Откуда же взялось это выражение — “красота спасет мир”? Оно дважды встречается в “Идиоте”, написанном Достоевским во время пребывания в Женеве. В 5-й главе III части Ипполит спрашивает князя Мышкина: “Правда, князь, что вы раз говорили, что мир спасет „красота“? Господа, — закричал он громко всем, — князь утверждает, что мир спасет красота! А я утверждаю, что у него оттого такие игривые мысли, что он теперь влюблен… Какая красота спасет мир! <…> Вы ревностный христианин? Коля говорит, вы сами себя называете христианином”. В IV части “Идиота”, в 6-й главе Аглая, в свою очередь, также приписывает эту мысль князю, и не менее иронично, чем Ипполит: “Слушайте раз навсегда… если вы заговорите о чем-нибудь вроде смертной казни, или об экономическом состоянии России, или о том, что „мир спасет красота“, то… я, конечно, порадуюсь и посмеюсь очень, но… предупреждаю вас заранее: не кажитесь мне потом на глаза!”
В первой сцене Ипполит только что проснулся во время приема у князя и собирается прочесть “Мое необходимое объяснение”. Умирая, Ипполит согласился переехать жить (и умереть) у князя, “между людьми и деревьями”. Он описывает свой сон, в котором присутствовало нечто вроде скорпиона, “но гораздо гаже и ужаснее”, ползучая тварь толщиной в два пальца и длиной в четыре, с головой и лапками, если смотреть сверху, в виде трезубца и с восемью усиками на кончиках лапок и хвоста. Вбегает собака его матери, Норма, злобный дог, дрожа, замирает при виде чудовища и все же наконец хватает его, но гибнет от ядовитого укуса. Это гнусное чудовише Ипполит противопоставляет красоте мира. Далее в его “Объяснении” появляется картина Ханса Гольбейна Младшего, копия которой находится в мрачном жилище Рогожина: “В… картине о красоте и слова нет; это в полном виде труп человека, вынесшего бесконечные муки еще до креста, раны, истязания, битье от стражи, битье от народа… Лицо страшно разбито ударами, вспухшее, со страшными вспухшими и окровавленными синяками, глаза открыты, зрачки скосились…”
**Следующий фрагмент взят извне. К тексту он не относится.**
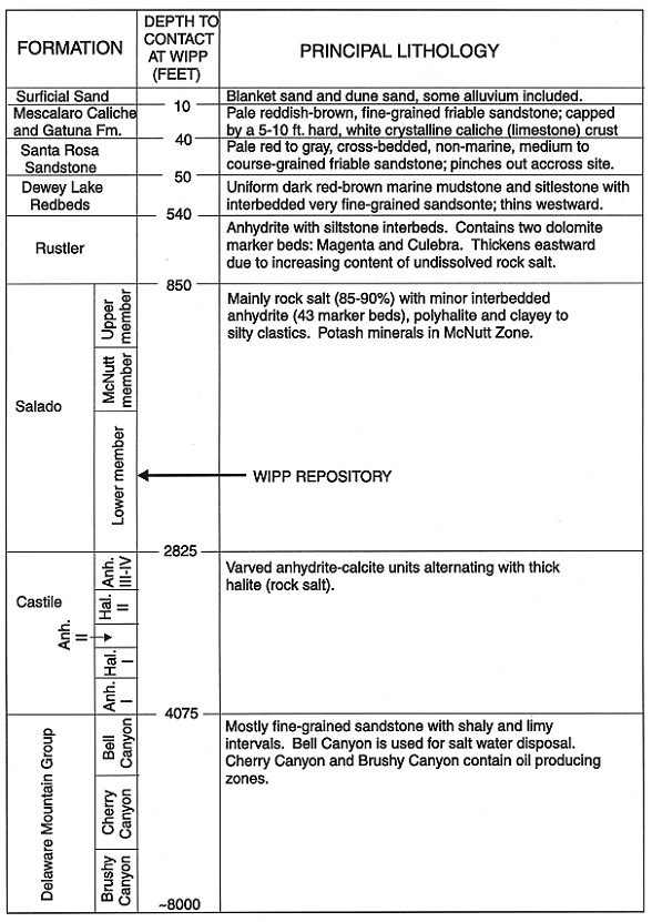 The 1992 WIPP Land Withdrawal Act reserved a 4 mile by 4 mile (6.4 km x 6.4 km) square of federal land, for the WIPP project (5). At the surface, the WIPP site is covered with blanket sand and stabilized sand dunes with poorly developed drainage pattern and desert bushes. Figure 1 shows a geologic cross-section at the center of the WIPP site. The repository is located at a depth of 2150 feet (655 meters) in the lower part of the approximately 2000 ft (610 meter) thick Salado Formation, consisting of bedded salt (halite) and interbeds of anhydrite and clay. The upper part of the Salado Formation contains a 400 ft (122 meter) thick zone rich in potash minerals known as the McNutt Potash Member. The bottom of this zone is approximately 400 ft (122 meters) above the WIPP repository. A 310 ft (95 meter) thick Rustler Formation overlies the Salado and it contains two 25 ft (7.6 meter) thick fractured dolomite water-bearing zones, the Magenta and the Culebra. The more permeable Culebra is considered to be a potential pathway for migration of radionuclides to the biosphere in case of a breach of the repository. The Culebra aquifer is about 1425 ft (435 meters) above the repository.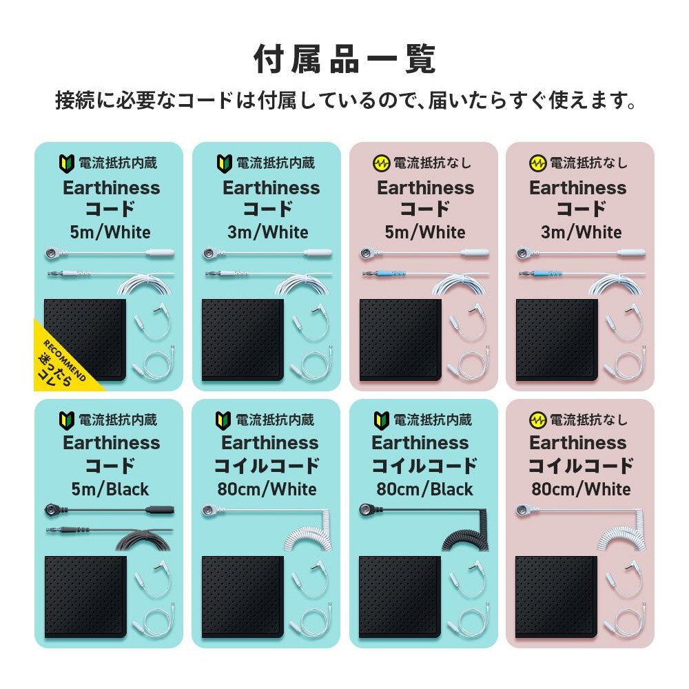 | 安全設計 | 付属のオリジナル専用コードは、日本のアース規格に準拠して家庭用に設計されています。耐久性のある銅線を使用し、長持ちする仕様です。おすすめは5mの抵抗内蔵コード(100kΩ抵抗内蔵)で、以下の特徴があります。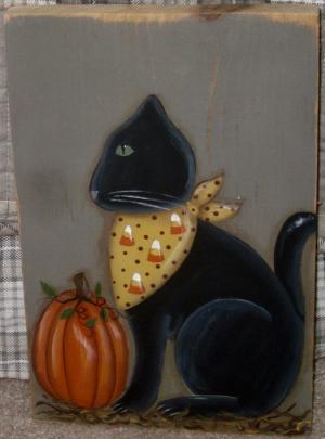 *~*PRIMITIVE*~* HP FOLK ART PRIM BLACK CAT * PUMPKIN * FALL * RECLAIMED WOOD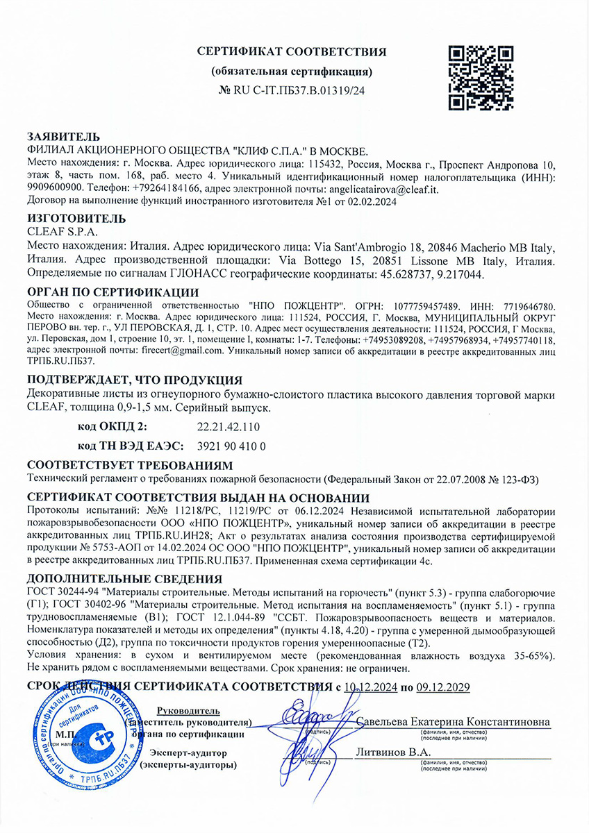 TSS Cleaf, cертификат соответствия требованиям пожарной безопасности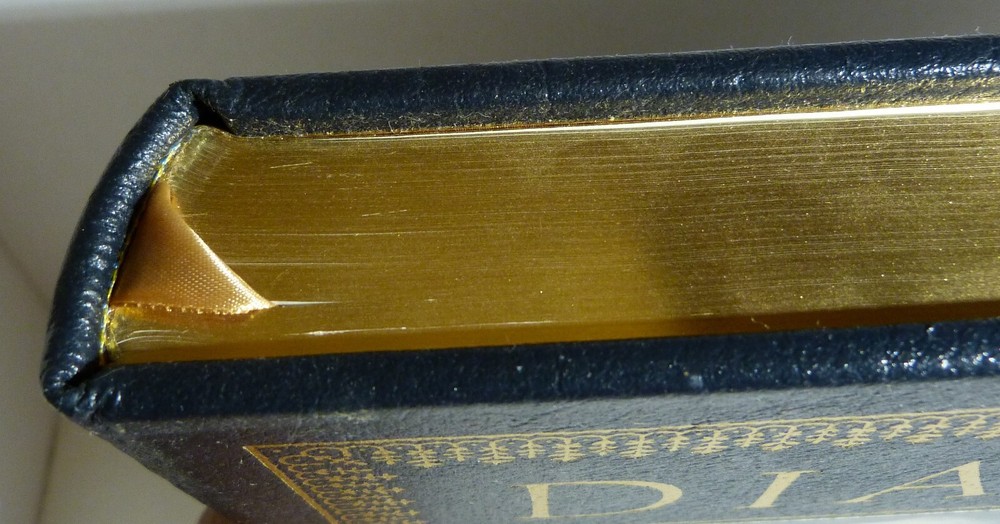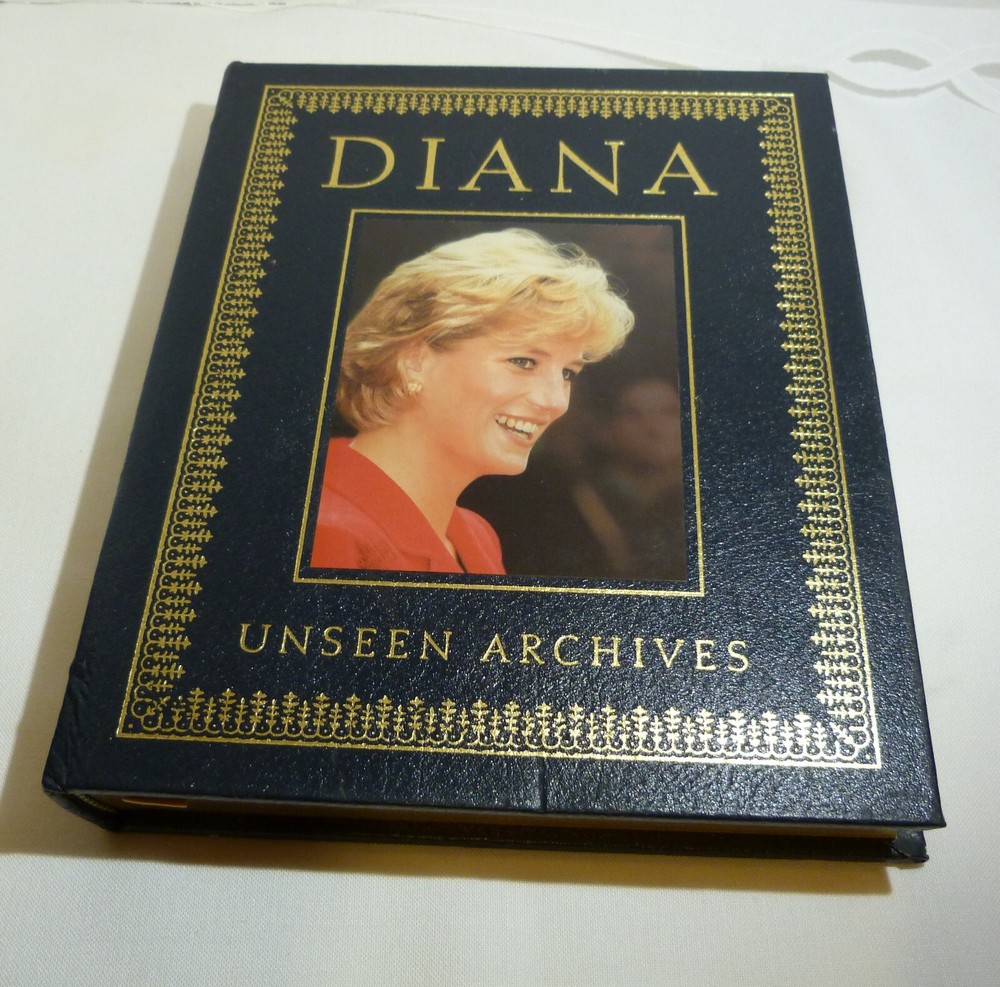 Diana Unseen Archives by Alison Gauntlett First published by Parragon Publishing (UK) in 2003 This Parragon edition is practically identical to the Easton Press luxury edition Bound in premium leather with moire fabric endsheets and satin ribbon page marker Black boards with gilt titles and decorations Photo of Diana is inlaid on front cover with a gold border 384 pages with gilt edges ISBN 140541402 Great collector book for the Princess Diana fan! Makes a wonderful gift!

В “Братьях Карамазовых” Достоевский противопоставляет идеал Мадонны идеалу содомскому. Безобразное тоже по-своему привлекательно. Образ Ипполита — исчахшего, озлобленного, припадочного человека — и тягостная сцена, где он, читая “Объяснение”, говорит о самоубийстве, неразрывно связаны с понятием красоты. Это чуть ли не единственное место у Достоевского, где зримая красота, красота природы, великолепные деревья Павловска, играет какую-то роль, — но роль, внушающую его персонажу отвращение. Ипполит отвергает эту красоту, через которую ищут спасения. Он противопоставляет ей безобразие стены за своим окном. На что красота чахоточному, который неминуемо сдохнет недели через три, ну, через шесть? С одной стороны — “люди и деревья”, то есть жизнь, с другой — “Мейерова стена”, мерзкая стена против мерзкой комнаты, где добровольно затворился Ипполит. “Проклятая стена! А все-таки она мне дороже всех павловских деревьев…” Прекрасное — и омерзительное, спасение через деревья — и спасение через злобу и унижение, через заточение в уродстве, предвосхищающем смерть. Ипполит исходит яростью против красоты природной (“деревья Павловска”) и против красоты нравственной (обаяние князя Мышкина): “И чего им хочется с их смешными „павловскими деревьями“? Усладить последние часы моей жизни? Неужели им непонятно, что, чем более я забудусь, чем более отдамся этому последнему призраку жизни и любви, которым они хотят заслонить от меня мою Мейерову стену и все, что на ней так откровенно и простодушно написано, тем несчастнее они меня сделают?” Вот главная мысль: праздник жизни и красоты порою мучает, а не утешает. Уж лучше безобразная стена, исписанная нищетой и злобой. Вся красота мира не спасет того, кто завидует мушке, имеющей свою часть на пиру солнца. И саркастически цитирует Ипполит стихи французского поэта Мильвуа: “О, видели бы вы ту красоту святую, / Друзья, кто сердцем глух к последнему„прости“!”. Так нет же! И это “академическое благословение миру” нестерпимо: в нем — затаенная желчь.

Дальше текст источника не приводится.